Tijdens onze tweede rit begint het
zelfs te sneeuwen, dat maakt deze leuke dag helemaal compleet. Na de derde rit
staan onze vingers stijf van de kou maar we hebben er absoluut plezier aan
beleefd. Terwijl we terug afdalen in de kabellift verandert de sneeuw in regen
naarmate we lager komen.
We hadden deze middag al heel wat
restaurantjes afgelopen op zoek naar de Nieuw-Zeelandse greenlipped mussels
maar we konden ze nergens vinden. Uiteindelijk belanden we in een Irish pub en
staan er toch wel geen mosselen op de menukaart zeker ! 2 vliegen in één klap
want Dave zat zich al lang te verlekkeren op een guiness van ’t vat. Omdat er
niet genoeg is voor twee porties bestellen we de vangst van de dag in de plaats
wat een lekker wit visje bleek te zijn. De greenlipped mussels zijn reuzegroot
wat het ongemakkelijk maakt om te eten omdat je mond zo propvol zit met één
enkel mosseltje. De schaal is zeker 8cm lang en de mossel die daaruit komt is
van een gelijkaardig kaliber. Onze Zeeuwse jumbo’s zijn er niets tegen, hoewel
ze volgens ons van smaak toch net iets beter zijn. Deze reuzen zijn wat taaier
en eten minder smakelijk dan de onze.
Onze supertoffe dag in Queenstown
sluiten we af op de parking waar we gisterenavond stonden toen we weggejaagd
werden. Van het gratis draadloos internet maken we graag gebruik om onze mails
nog snel te checken en wanneer ik zie dat mijn broer ook nu thuis is en met
beide kindjes kan mijn dag helemaal niet meer stuk. Sinds heel lang kan ik nog
een keer skypen met Nona erbij, het doet me zo’n plezier haar nog een keer te
zien en te horen. Ik heb me nu al 9 maanden sterk gehouden, maar deze keer
rollen de tranen over mijn gezicht. Langs de ene kant van blijdschap bij het
zien van de kindjes, langs de andere kant omdat ik hen zo hard mis. Nu ik hen
beide nog een keer gezien heb, en uiteraard ook mijn broer en schoonzus, kan ik
er weer even tegen.
Diezelfde avond bellen we ook nog met
onze vrienden Tania en Tony, we zijn blij te horen dat alles goed gaat met hen.

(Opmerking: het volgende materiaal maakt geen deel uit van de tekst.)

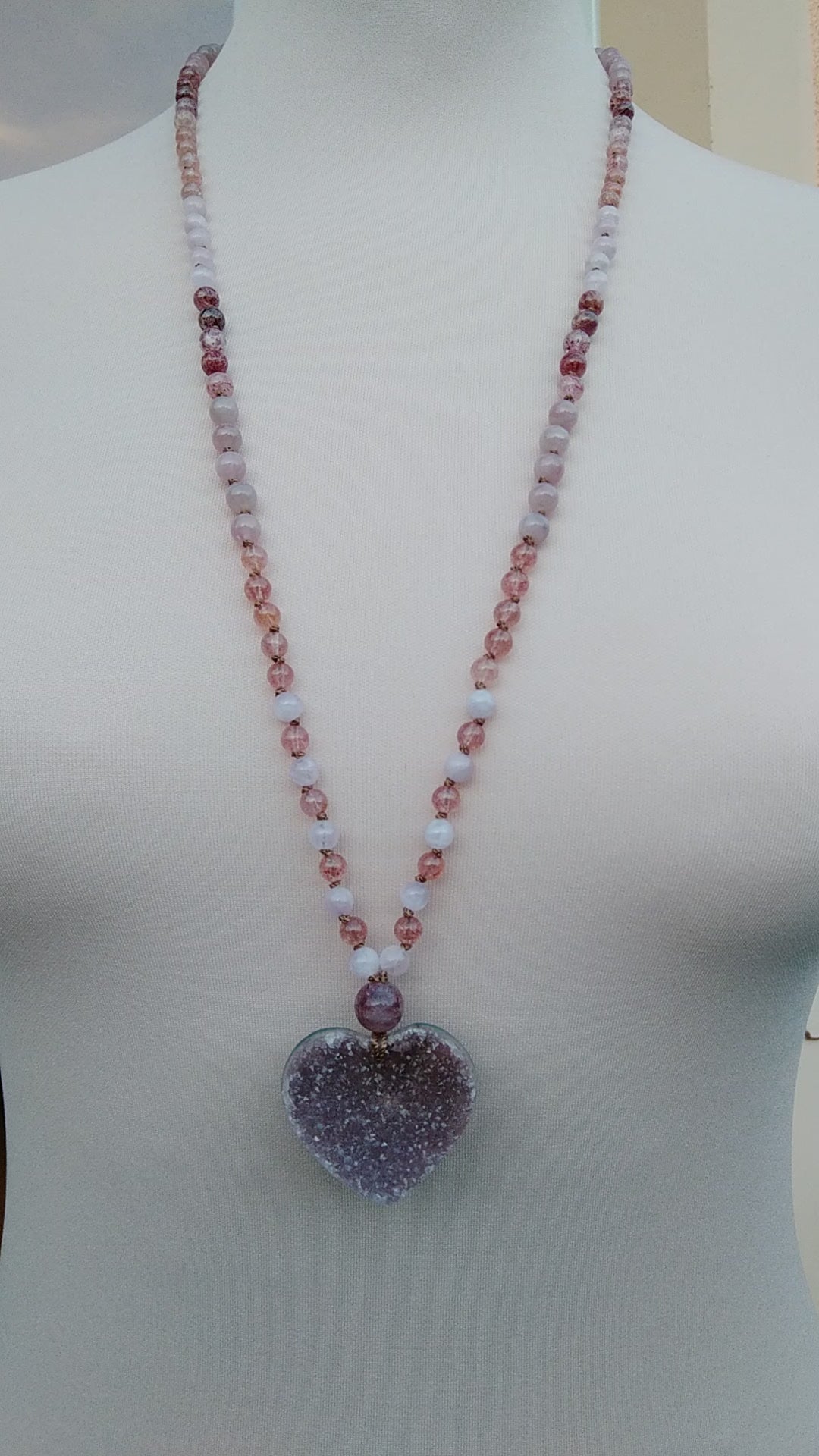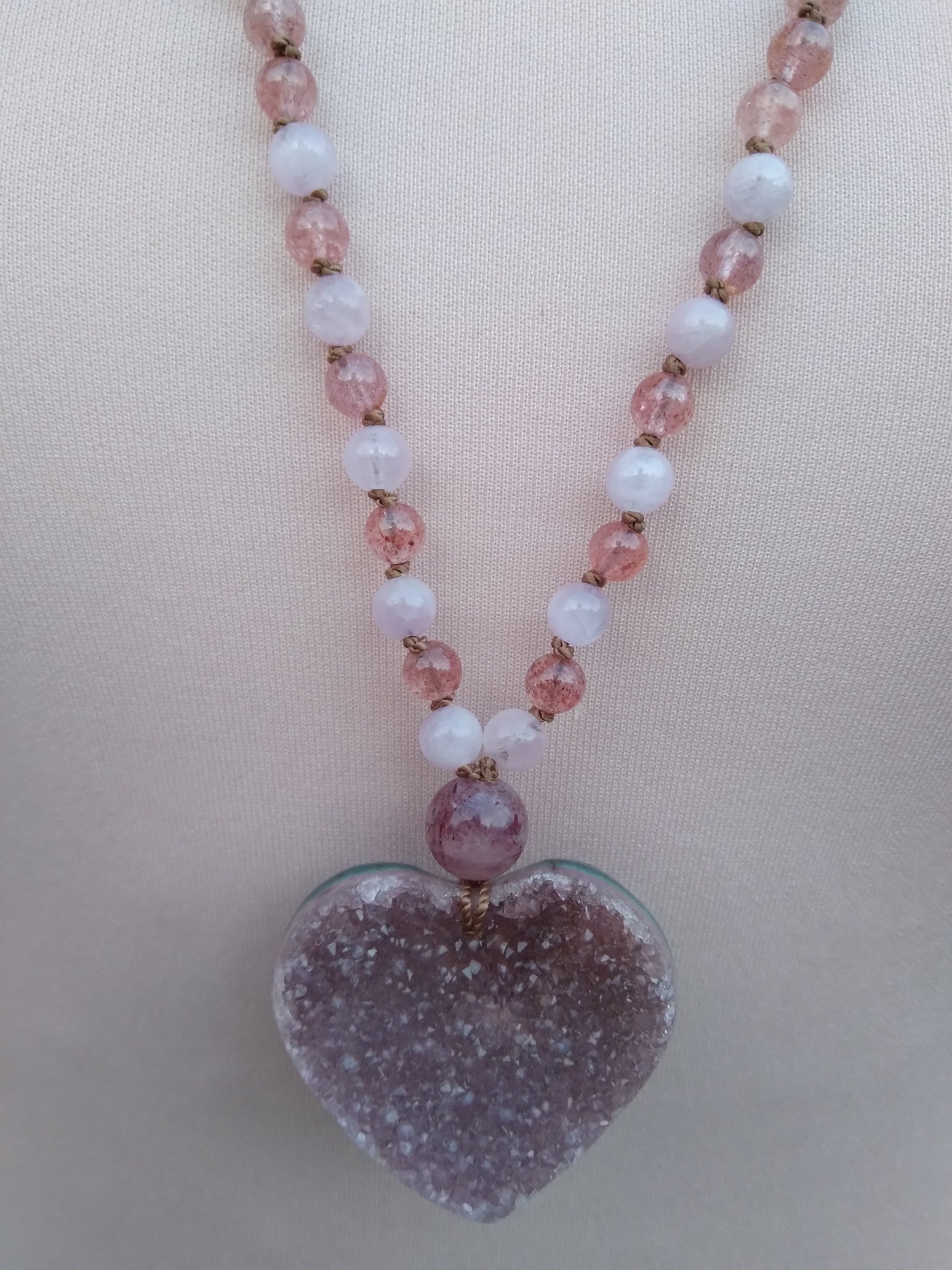 Mala en quartz rose, quartz fraise, kunzite et améthyste brute "Bonheur"

Ten tijde van de cycloon in Myanmar waren zij daar aan het rondreizen en
aangezien er langs geen kanten communicatie met de buitenwereld mogelijk was
zaten wij dagenlang op nieuws te wachten.
Na een lange chat- en belavond rijden
we nog verder richting Lake Wanaka, we overnachten op een rest area met nog
twee andere mobilhomes langs een meer.
We hadden gepland om aan Lake Wanaka
een wandeling te maken naar een van de omliggende bergtoppen, maar omdat het
weer echt niet meezit vandaag schrappen we dat van ons lijstje. Het regent
intussen al een aantal dagen onafgebroken en de wolken hangen zo laag dat het
geen zin heeft om een berg te beklimmen. Het meer dat zo mooi zou moeten zijn
mist alle effect in dit grijs regenweer, de omliggende bergen zien we niet
eens. Daarom rijden we verder en maken onderweg een korte fotostop aan zowel
het Lake Hawea als Lake Wanaka. De rit gaat over de Haast Pass en is op zich al
de moeite, al zou het mooier zijn in het zonnetje. Om toch nog even de benen te
kunnen strekken stoppen we voor een wandeling met een lookout over Haast Pass.

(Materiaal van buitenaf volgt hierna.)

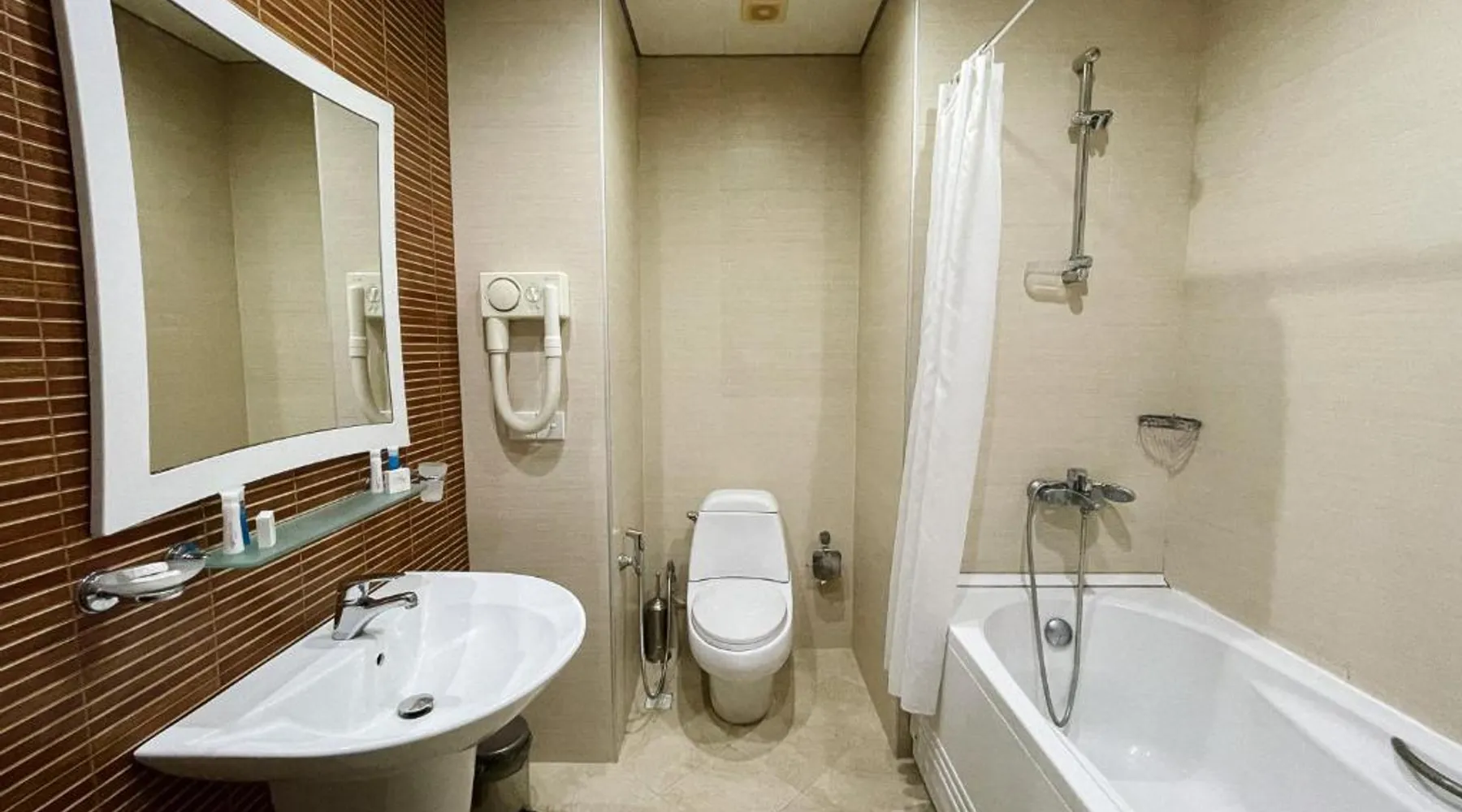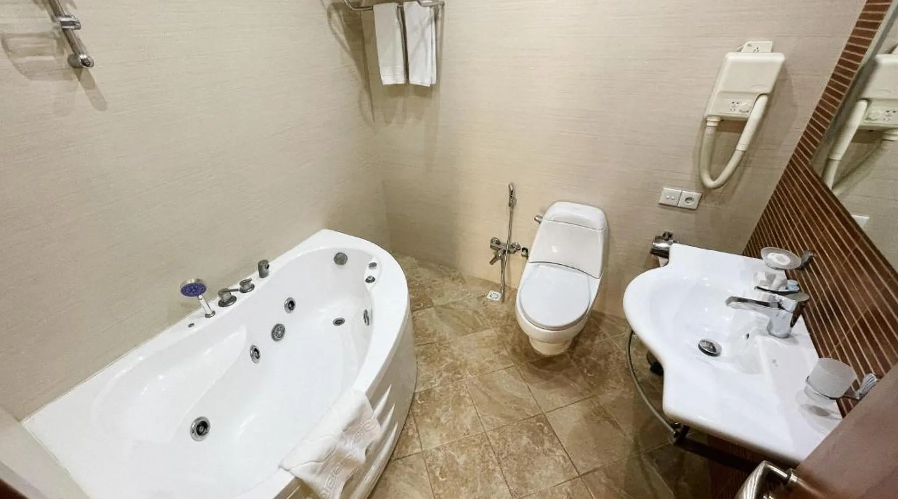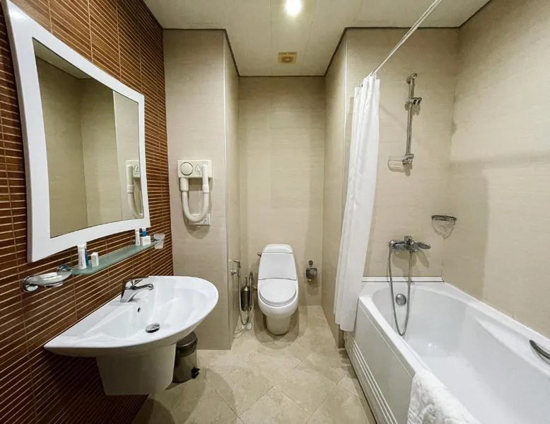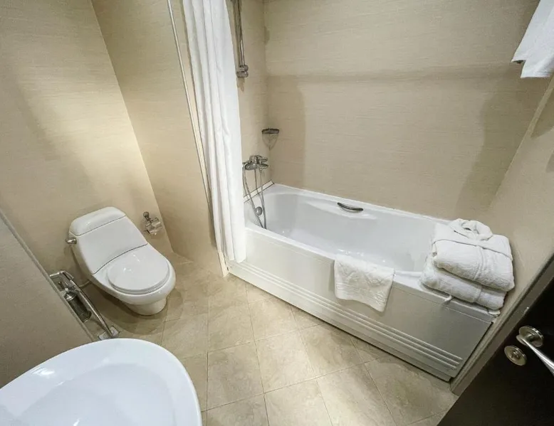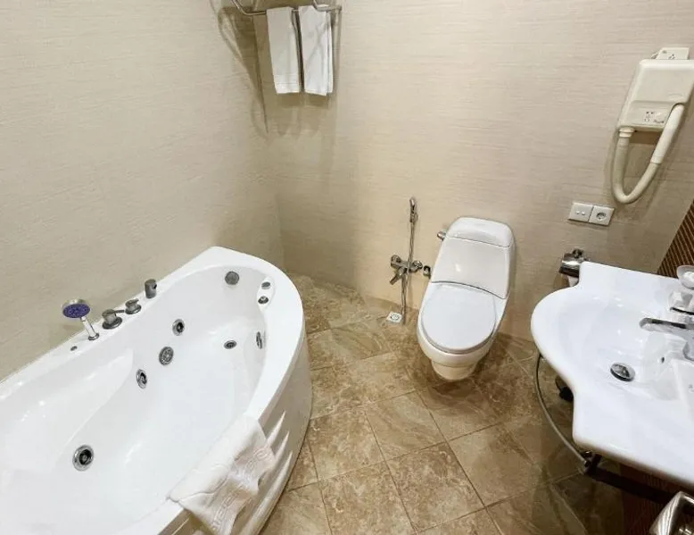 Comfortable Accommodations: Austin Hotel Baku in Baku offers family rooms with air-conditioning, private bathrooms, and city views. Each room includes a work desk, mini-bar, and free WiFi. Wellness and Leisure: Guests can enjoy spa facilities, a sauna, fitness center, indoor swimming pool, and hot tub. Additional amenities include a lounge, fitness room, and bicycle parking. Dining Experience: The family-friendly restaurant serves halal and vegetarian breakfasts with local specialties, warm dishes, fresh pastries, and more. A bar offers a variety of beverages. Prime Location: Located 15 mi from Heydar Aliyev International Airport, the hotel is a short walk from Fountains Square and near attractions such as Maiden Tower and Palace of The Shirvanshahs. An ice-skating rink is in the surroundings. This twin/double room features a hot tub. Featuring free toiletries and bathrobes, this twin/double room includes a private bathroom with a bath, a shower and a bidet. The spacious air-conditioned twin/double room features a flat-screen TV with satellite channels, a private entrance, soundproof walls, a mini-bar as well as city views. The unit has 2 beds.

Slechte beslissing… Via een fameus steil stuk wandelen we de berg omhoog en het
uitzicht slaat nergens op, we staan letterlijk met onze hoofden in de wolken en
zien niets dan witte mist. Het was de inspanning niet waard en we staan dan ook
snel weer beneden.
Onderweg stoppen we nog aan een
snelstromende rivier waar het water tussen enorme rotsblokken loopt. Ook aan de
Thunder Falls gaan we een kijkje nemen, maar ze zijn minder spectaculair dan de
naam doet vermoeden.
Eens we het kleine dorpje Haast
gepasseerd zijn begint het open te trekken en komt het zonnetje er alsnog door.

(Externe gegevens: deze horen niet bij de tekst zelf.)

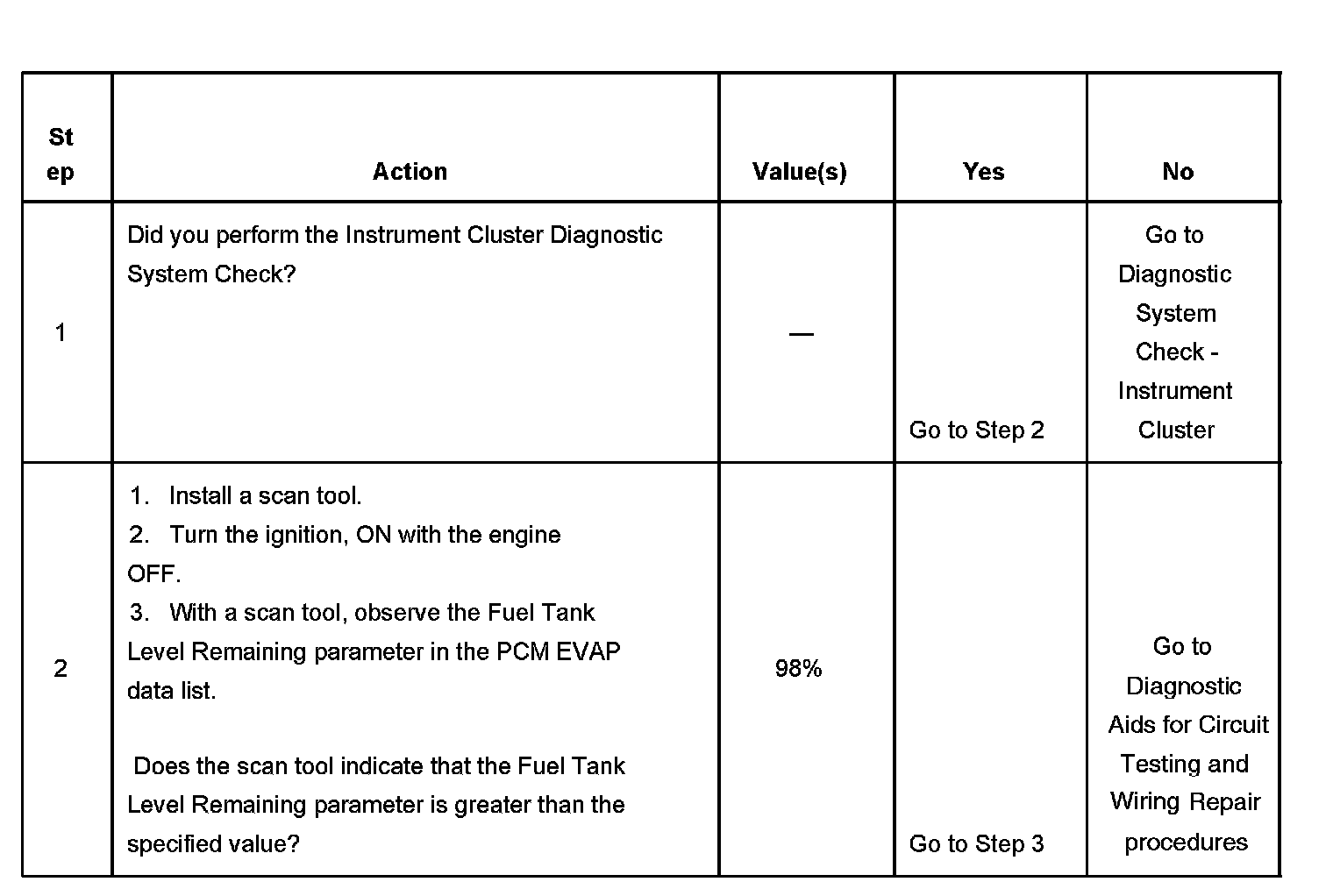 The number(s) below refer to the step number(s) on the diagnostic table.

De route gaat verder langs de oceaan, een prachtige groene kustlijn die
schittert in de zon. We maken nog een paar korte fotostops, we bevinden ons in
een prachtig staaltje Nieuw-Zeelandse natuur. Hoge bergen landinwaarts terwijl
we nu vlak naast die gigantische blauwe plas rijden die gesierd wordt door
groene bossen.
Wat typerend is voor rijden doorheen
Nieuw-Zeeland is de leegte, niet moeilijk met een land waar slechts 4 miljoen
mensen wonen verspreid over beide eilanden. Je kan dan ook heel wat kilometers
rijden zonder een levende ziel of dorp tegen te komen. Schapen daarentegen zie
je overal, die beestjes zijn met 40 miljoen talrijk aanwezig.
De wegen zijn heel erg goed, al moet
je wel oppassen voor steenslag door de vele kiezels op de rijbaan. Triestig
zijn de dode opossums langs de weg, heel regelmatig zie je zo’n pluizigaard
liggen die overreden is. Gelukkig zijn het geenszins bedreigde diersoorten, ze
worden zelfs aanzien als een echte plaag omdat ze zo massaal aanwezig zijn in
dit land.
Diertjes die we liever niet zien zijn
de vervelende zandvliegen. In deze tijd van het jaar zal dat al een pak minder
erg zijn dan in de zomer, maar het blijven ettertjes. Ze zijn heel klein maar
verschrikkelijk vervelend en bijten. Eens ze in de camper kruipen zit je met de
miserie, probeer ze dan maar eens weg te krijgen (lees: doden).
Verder zijn er in dit land vele “one
lane bridges”, bruggen die maar breed genoeg zijn voor één voertuig. De
voorrang is in dat geval wel geregeld door borden, maar het kan erg lastig zijn
wanneer die brug achter een bocht ligt en je de tegenliggers niet kan zien
komen. Voorzichtig zijn is de boodschap !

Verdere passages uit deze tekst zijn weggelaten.